There are many different approaches taken to alleviate or minimize severe spinal disorders. One surgical procedure commonly used is a spinal fusion technique. Spinal fusion is a standard back surgical technique and its use continues to rise. In addition to the spinal implants or use of bone grafts, spinal fusion surgery often utilizes spinal instrumentation or surgical hardware, such as pedicle screws, plates, or spinal rods. Once the spinal spacers and/or bone grafts have been inserted, a surgeon places the pedicle screws into a portion of the spinal vertebrae and attaches either rods or plates to the screws as a means for stabilization while the bones fuse.
While spinal fixation procedures can have positive outcomes, adjacent segment degeneration (ASD) often follows fusion surgeries. In addition to requiring the fusion of additional spinal segments, patients suffering from ASD often require posterior pedicle screw rod fixation. Such cases can be difficult for the surgeon as the surgical procedure often requires “opening” of the patient's back to expose the entire system in order for the surgeon to get to the top tulip. Such procedure is not beneficial to the patient as it exposes them to increased pain, higher morbidity, worsening of paraspinal muscle fibrosis/atrophy. Should the surgeon need to completely remove the old system, trying to remove an existing rod in order to provide a new construct can be technically difficult. Moreover, given the number of different spinal fixation systems in the market, knowing what system the patient contains and having the right tools to work on that system is a challenge.

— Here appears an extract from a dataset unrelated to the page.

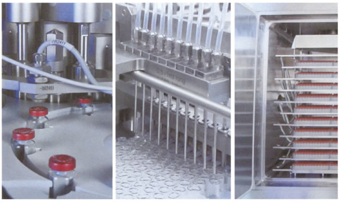 本機組符合“cGMP”要(yào)求,適用於西林瓶的清洗、烘幹滅(miè)菌、無菌灌裝及加塞,由CLQ-C型鏈式超聲波清洗機、KSM型玻璃瓶隧道式滅菌幹燥機、GGZ型高速液體灌(guàn)裝(zhuāng)壓塞機組成。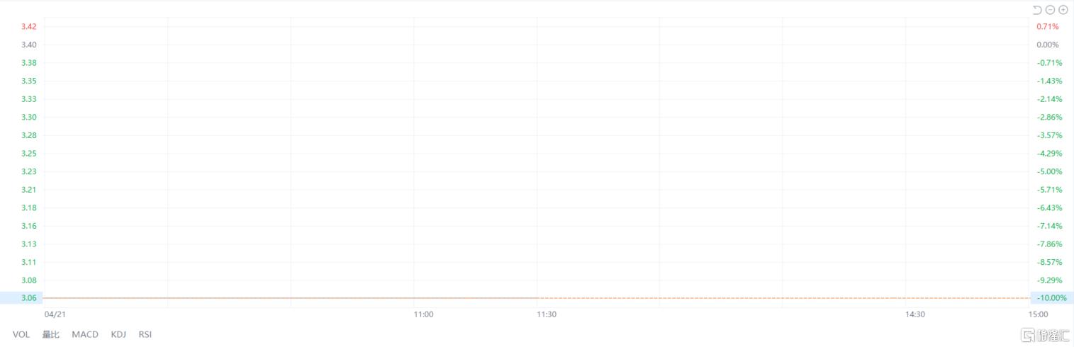 今日,宏达新材开盘便封死跌停板,报价3.06元/股,其总市值已滑落至13.23亿元。这一跌停源于昨晚公司发布的公告,公告指出,宏达新材股票交易可能被实施其他风险警示。

There exists, therefore, a need for an improved devices and systems for extending a patient's existing fixation hardware which does not require open dissection, reduces the disruption of post tension bands, and can be used with any existing pedicle screw system in place.
A spinal implant revision device has a revision connector and a tulip member. The revision connector is configured for attachment to a pre-existing rod in a patient. The revision connector has a slotted opening configured to receive a first or a pre-existing rod. The tulip member is pivotally connected to the revision connector and movable in angularity within predetermined ranges in a first plane. This first plane is parallel to a rod to which the revision connector is attached. A second plane which is non-parallel to that first plane allows a second or new rod to be received in the tulip and allows the second rod to pivot relative to the first rod.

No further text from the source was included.